Baudelaire consultant
Thomas Clerc © Le Monde
J’AI CROISÉ Charles Baudelaire hier après-midi, près du Forum des Halles. Nous étions samedi et, malgré la foule, je l’ai reconnu tout de suite, désoeuvré parmi les acheteurs. J’en ai profité pour lui demander ce qu’il pensait du projet du Grand Paris. Il a émis un petit rire sardonique qui n’augurait rien de bon, mais à ma surprise il s’y est montré favorable. » Paris doit être élargi parce que Paris n’a pas d’avenir dans la carte postale, m’a-t-il dit dans un raclement de gorge. Une nouvelle extension du domaine augmentera les possibilités esthétiques de notre ville. Les communes annexables sont notre salut. Qui voudrait qu’on reste entre nous ? » Et, joignant le geste à la parole, il me montrait les chalands venus des banlieues, trop occupés à dépenser leurs euros pour prêter attention à nous. » L’important, reprit-il avec exaltation, c’est la dissémination des centres.
» La force de Paris, c’est son absence de centre, que la prédominance funeste accordée aux Halles a mise en péril. Il faudra bien un jour reboucher ce trou « , dit-il pour honorer Baltard et pour humilier Willerval. Et, dessinant en gestes précis le plan d’une Lutèce future, augmentée mais circonscrite, il poursuivit sa consultation : » Surtout, ne pas abolir l’intra-muros. Paris comporte des frontières lisibles, qui sont la marque du désir. »

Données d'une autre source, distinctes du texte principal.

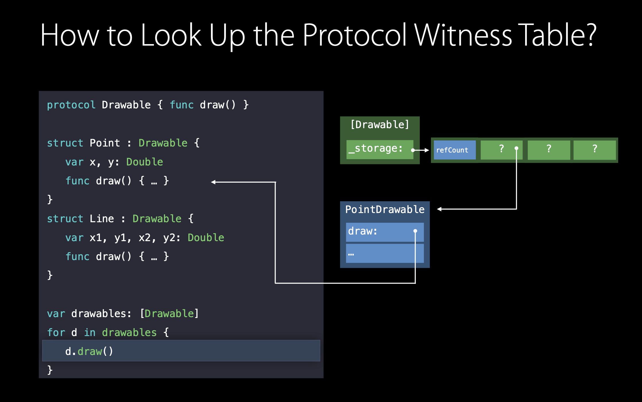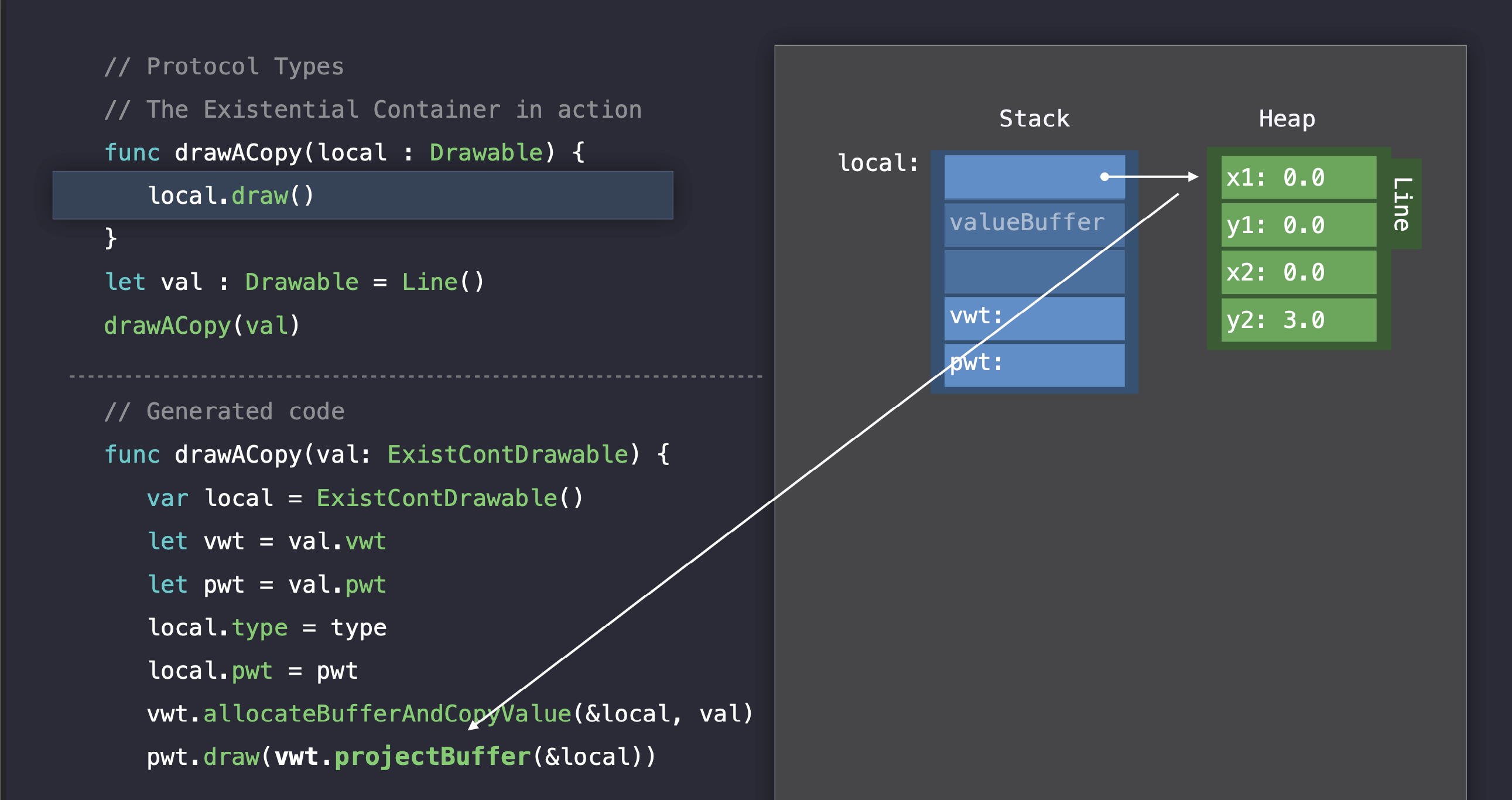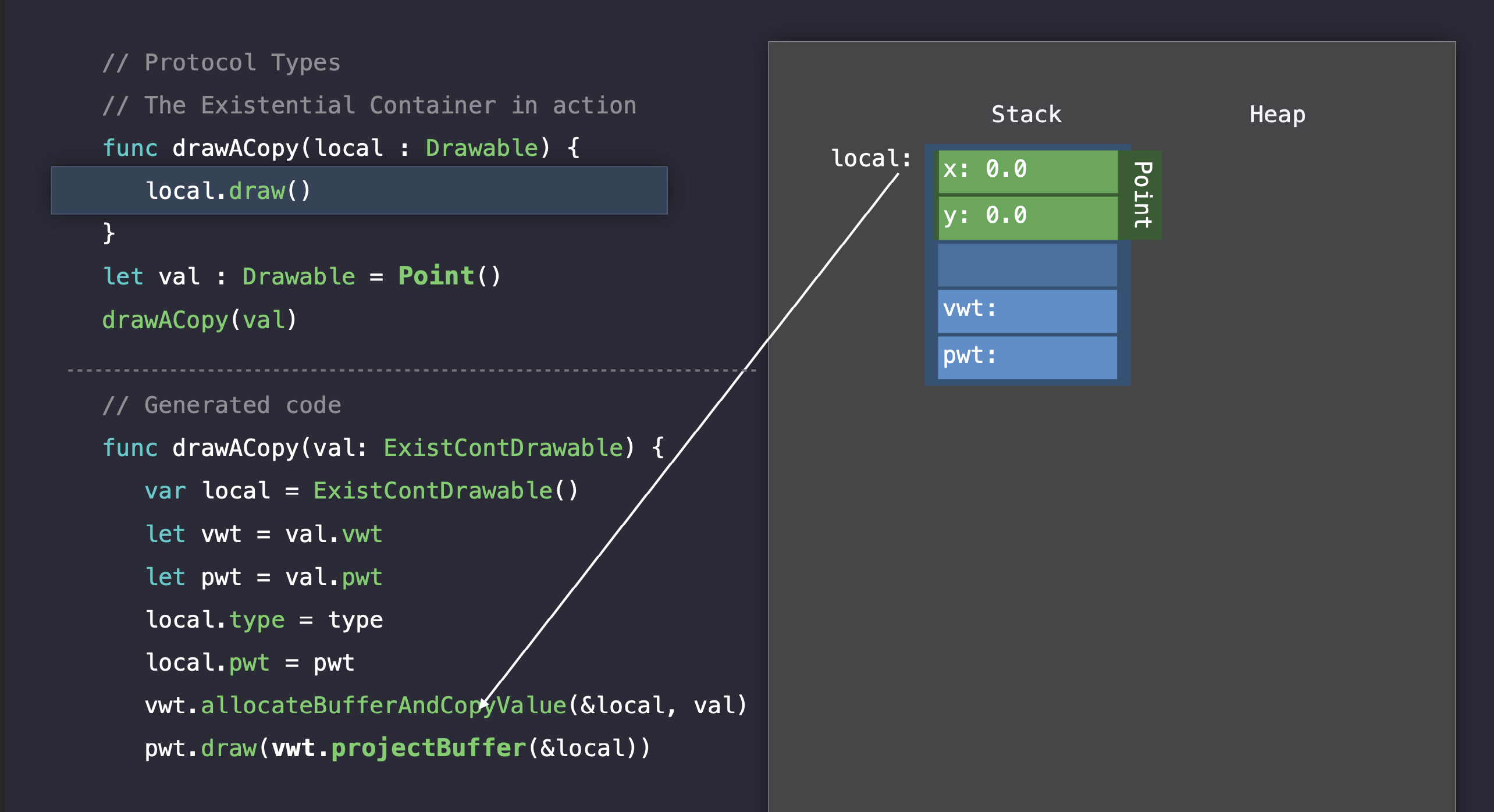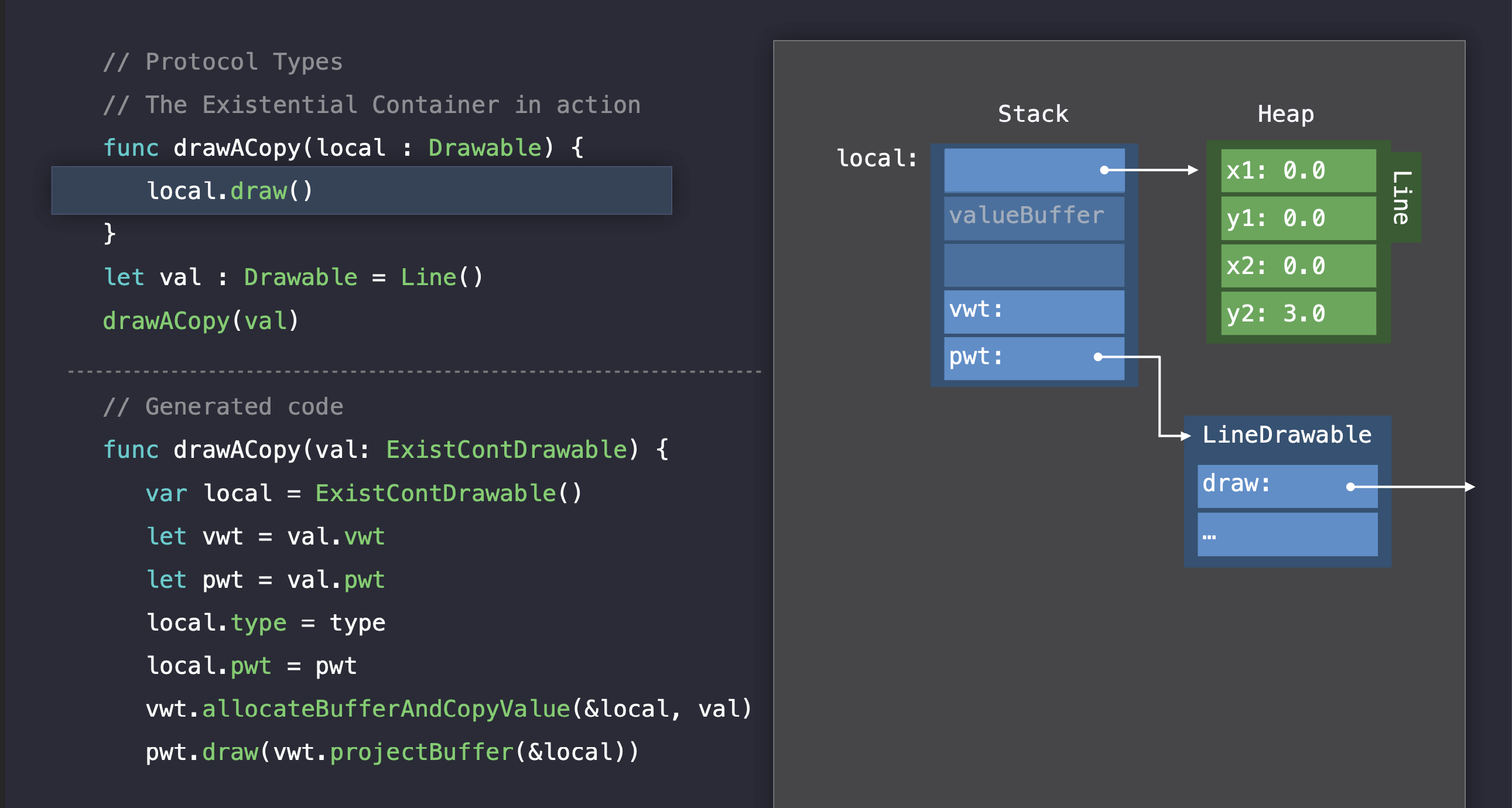 이제 local.draw 메서드가 실행되면, Swift는 existential container의 필드에서 PWT를 조회해서, 해당 테이브의 fixed offset에 있는 draw 메서드의 구현체로 jump 합니다.

Comme je lui demandais si cette débauche environnante de marchandises et de messages ne le dégoûtait pas, il se mit au contraire à me faire l’apologie des signes des rues. Lui qui avait pourtant déclaré son » immense nausée des affiches » ne se contredisait-il pas ? Alors je vis qu’il allait me confier une sorte de secret poétique parisien. Baissant la voix, il me dit qu’il fallait, de temps en temps, interrompre la jouissance esthétique trop forte de la capitale ; je le regardai, intrigué. » Les villes invivables sont les villes homogènes. A Vitrolles ou à Venise, pour prendre des exemples extrêmes, la laideur ou la beauté sont absolues, définitives. A Paris, le charme marche aux rencontres fâcheuses : un volet métallique, un potelet de trottoir sont des vexations pour l’oeil qui se satisfait de la réalité, pas pour celui qui recompose le paysage à sa guise. » Pour me convaincre, il me désigna un panneau publicitaire qui tronquait la vue de la fontaine des Innocents en présentant la photo d’un mannequin dénudé. N’était-ce pas un de ces contrastes qui précipitent la ville moderne dans un climat d’irréalité soudain ? J’aurais bien voulu poursuivre cette conversation sur le devenir de ma ville fétiche, mais dans la bousculade, mon Baudelaire s’était évanoui et je me retrouvai nez à nez avec le simulacre d’une plantureuse créature internationale.
- Thomas Clerc
- Thomas Clerc, 42 ans, enseigne la littérature à l’université Paris-X (Nanterre). Il vient de publier Paris, musée du XXIe siècle. Le 10e arrondissement ( » L’Arbalète « , Gallimard, 2007).